For boundary values (0, L), when I equalize equations and their derivations I get:
C=B
Cα=Ak
AsinkL+BcoskL=Fexp(-αL)
A*k*coskL-B*k*sinkL= -α*Fexp(-αL)

So I have 4 equations with 4 unknown values (A,B,C,F). When I solve that system, and insert α=sqrt(2m(V-E)/h-bar^2) and k=sqrt(2mE/h-bar^2) I get:
V= E*sec^2(kL/2) for (n-1)pi<kL<npi (n=1,3,5,...)
V=E*csc^2(kL/2) for (n-1)pi<kL<npi (n=2,4,6...)

I have to use second equation I presume (because of the two stable states), but I don't know how, I don't have all needed values.

You need to use both equations because one solution comes from the odd series and the other from the even (these are the first symmetric/antisymmetric solutions). You will need to look at how you graphically solve these equations and look for a condition on V_0 such that n=3 is not a solution.

 

[Someone88]

Can you please explain this part in detail, because I don't understand it very well. How am I suppossed to solve these equations? I can draw them, but what then? If you have another way of solving this problem, without these equations I've got (which seem very complicated to solve), I would appreciate if you'd explain it to me.

 

[fzero]

Can you please explain this part in detail, because I don't understand it very well. How am I suppossed to solve these equations? I can draw them, but what then? If you have another way of solving this problem, without these equations I've got (which seem very complicated to solve), I would appreciate if you'd explain it to me.

It's really hard to try to explain this type of graphical solution in a forum post. So please reread your notes and text to get the details. The solution is also discussed in a wikipedia article, so I can refer to the figure at http://en.wikipedia.org/wiki/Finite_potential_well#Finding_wavefunctions_for_the_bound_state In the solution there, they first write the equations down in terms of a dimensionless number v, which is related to the energy of a solution, and a dimensionless number u_0 which is related to the value of the potential. The graphical solution looks for points of intersection between \sqrt{u_0^2 - v^2} and either v\tan v or -v \cot v.

In your case, while the numerical value of u_0 is not specified, it's clear that you can find the values of u_0 where the 2nd and 3rd solutions appear.

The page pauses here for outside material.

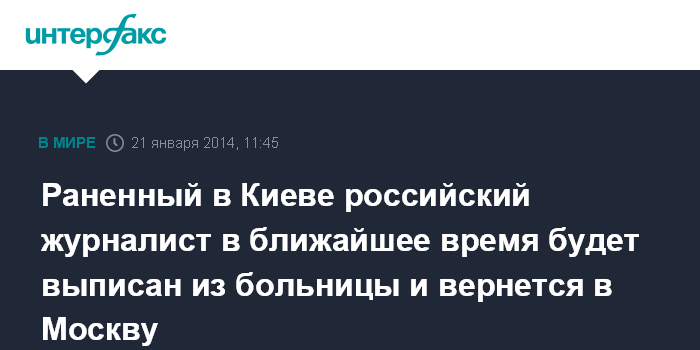 Раненный в Киеве российский журналист в ближайшее время будет выписан из больницы и вернется в Москву

This involves finding numerical roots and you can probably use wolframalpha.com or Newton's method if you want to do it by hand. You can then turn the special values of u_0 into expressions for the range of V_0 where there will be exactly 2 solutions.

 

[Someone88]

I know I probably ask too much, but can you solve this part for me, because I really don't understand it. It is very important for me...

 

[Someone88]

Can I shift potential well so that the center is in x=0? Does this make any difference? I've found some examples of finite potential well, but in every of them well goes from -L/2 to L/2. Mine, however, goes from 0 to L, and when I insert boundary values in equations and derivations, I get equations which differ from those in examples.

 

[fzero]

Can I shift potential well so that the center is in x=0? Does this make any difference? I've found some examples of finite potential well, but in every of them well goes from -L/2 to L/2. Mine, however, goes from 0 to L, and when I insert boundary values in equations and derivations, I get equations which differ from those in examples.

There's no need to shift. The only difference for you is that your dimensionless variables will be defined with a factor of 2 difference.

 

[Someone88]

I started all over again with a different approach and in the end I've got:

\frac{2\sqrt{E(V-E)}}{2E-V}=tan(\sqrt{\frac{2m*E*L^2}{hbar^2}})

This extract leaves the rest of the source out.